In a note last Friday, its analyst Fadhli Dzulkifly said loans to the sector are boosted by a stabilising shot of lower disbursement rate which makes it easier for cherry picking.
Fadhli said risk-seeking has toned down and sectoral price-to-earnings (PER) aerated from its last report on May 24, 2017 of 26.7 times to current 23.3 times. “Even heavyweights such as IJM Corp and Gamuda took a breather by registering only -1.97% and -0.18% from our last note.”
However, Fadhli said, robust liquidity is still prevalent, as the current disbursement rate of RM5.59 billion is well above the sector’s 11-year median of RM4.17 billion or +34.1%.

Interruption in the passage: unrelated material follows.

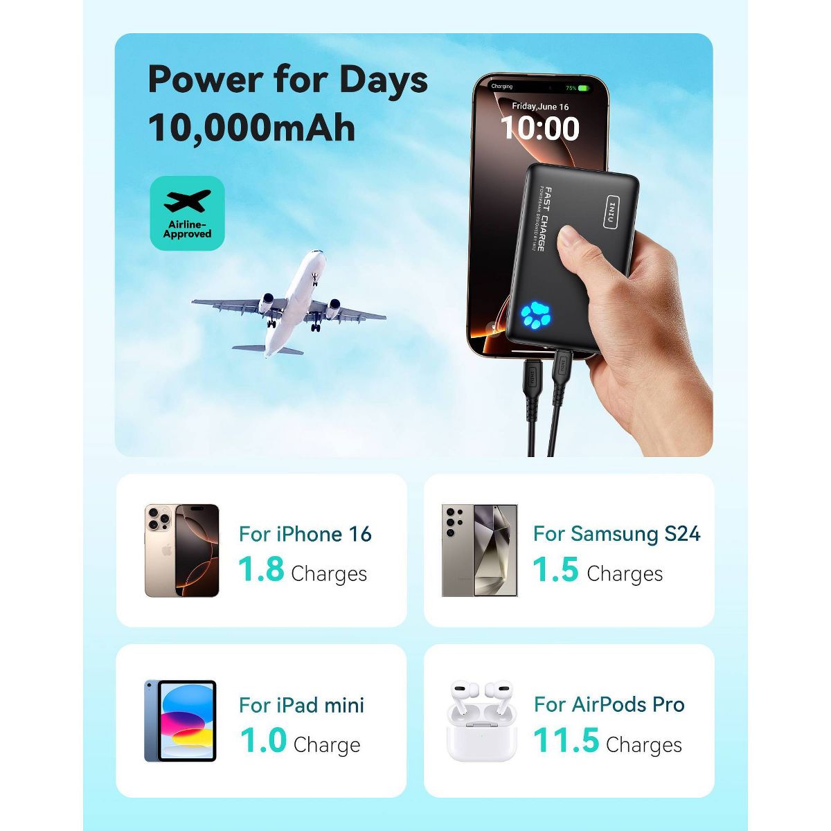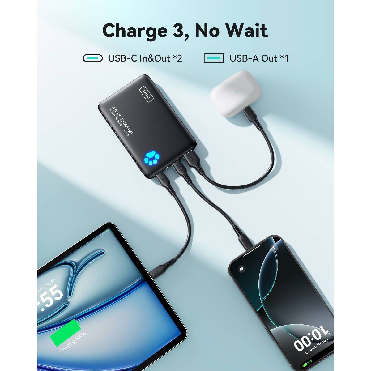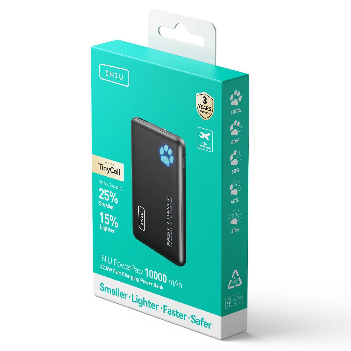 Meet the INIU PowerPaw 10K – the ultimate portable charger that combines cutting-edge technology with unmatched convenience. This ultra-lightweight, ultra-slim 10,000mAh power bank is 25% smaller and 15% lighter than competitors, slipping effortlessly into your pocket or bag for true all-day portability. Experience lightning-fast charging that fuels your iPhone 16 Pro Max up to 75% in just 30 minutes – so you can power up in no time. With triple-device charging capability, you can simultaneously charge your phone, earbuds, and tablet without missing a beat. And with our industry-leading 3-year warranty, you can trust INIU to keep you powered wherever life takes you – because your devices deserve reliable energy that keeps up with your fast-paced lifestyle.

He added the research house predicts the sector would not be able to maintain the dizzying height of 26.7 times PER of March 2017, when the National Development Plan (NDP) was unveiled with a promise of an extension of MRT 1.

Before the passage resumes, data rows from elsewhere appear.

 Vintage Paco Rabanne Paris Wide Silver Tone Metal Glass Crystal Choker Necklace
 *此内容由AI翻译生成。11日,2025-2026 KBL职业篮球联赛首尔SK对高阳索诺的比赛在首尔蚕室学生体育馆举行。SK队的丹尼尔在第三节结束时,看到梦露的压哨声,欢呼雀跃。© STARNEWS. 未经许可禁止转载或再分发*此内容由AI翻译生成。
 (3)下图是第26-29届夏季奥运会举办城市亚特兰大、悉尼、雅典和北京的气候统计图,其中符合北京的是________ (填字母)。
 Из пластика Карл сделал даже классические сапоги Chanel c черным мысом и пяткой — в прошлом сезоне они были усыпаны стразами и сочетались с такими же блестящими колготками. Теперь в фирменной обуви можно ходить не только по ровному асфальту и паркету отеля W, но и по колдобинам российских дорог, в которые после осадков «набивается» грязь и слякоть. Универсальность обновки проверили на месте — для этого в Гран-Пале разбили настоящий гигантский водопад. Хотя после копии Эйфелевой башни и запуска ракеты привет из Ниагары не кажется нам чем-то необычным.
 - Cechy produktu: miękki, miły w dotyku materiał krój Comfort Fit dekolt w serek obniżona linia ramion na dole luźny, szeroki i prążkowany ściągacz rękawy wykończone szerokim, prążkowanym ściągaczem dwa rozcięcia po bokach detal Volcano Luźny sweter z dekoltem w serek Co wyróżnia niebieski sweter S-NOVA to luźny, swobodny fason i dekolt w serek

“Hence, FYE17-FYE18 could be the year that Kuala Lumpur Construction Index‘s valuations i.e. PER will normalise within our expectation of 17.5 times,” he noted.
Furthermore, Fadhli said, the cavalcade of potential infrastructure projects under the NDP reiterates the government’s commitment to boost rural and urban connectivity.
He said the rollout is timely as infrastructure project awards tumbled to 26 projects only in March 2017 (-85.1% y-o-y) or 142 projects in Q1’17 (-63.9% quarter-on-quarter).
“Thus, we consider that NDP would be the ‘cavalry’ to bolster the sector. We reckon the impact will be seen in FYE18-FYE19 as FYE17 may welcome the 14th General Election after the SEA Games in August,” he said.
Meanwhile, Fadhli said the research house’s views on earnings attractiveness is represented by the spread between five-year MGS and earnings yield of companies under coverage. To date, the spread has improved with companies such as IJM and Cahya Mata Sarawak Bhd turning positive compared to May 2017.
However, he said companies such as Malaysian Resources Corp Bhd (MRCB) and small-caps such as Muhibbah Engineering (M) Bhd, Gabungan AQRS Bhd and Vivocom International Holdings Bhd are most persistent despite being inundated among other companies.
“We regard the spread as moats showing the intrinsic strength of the respective companies. As such, we continue to favour Muhibbah and MRCB as our leading choice.”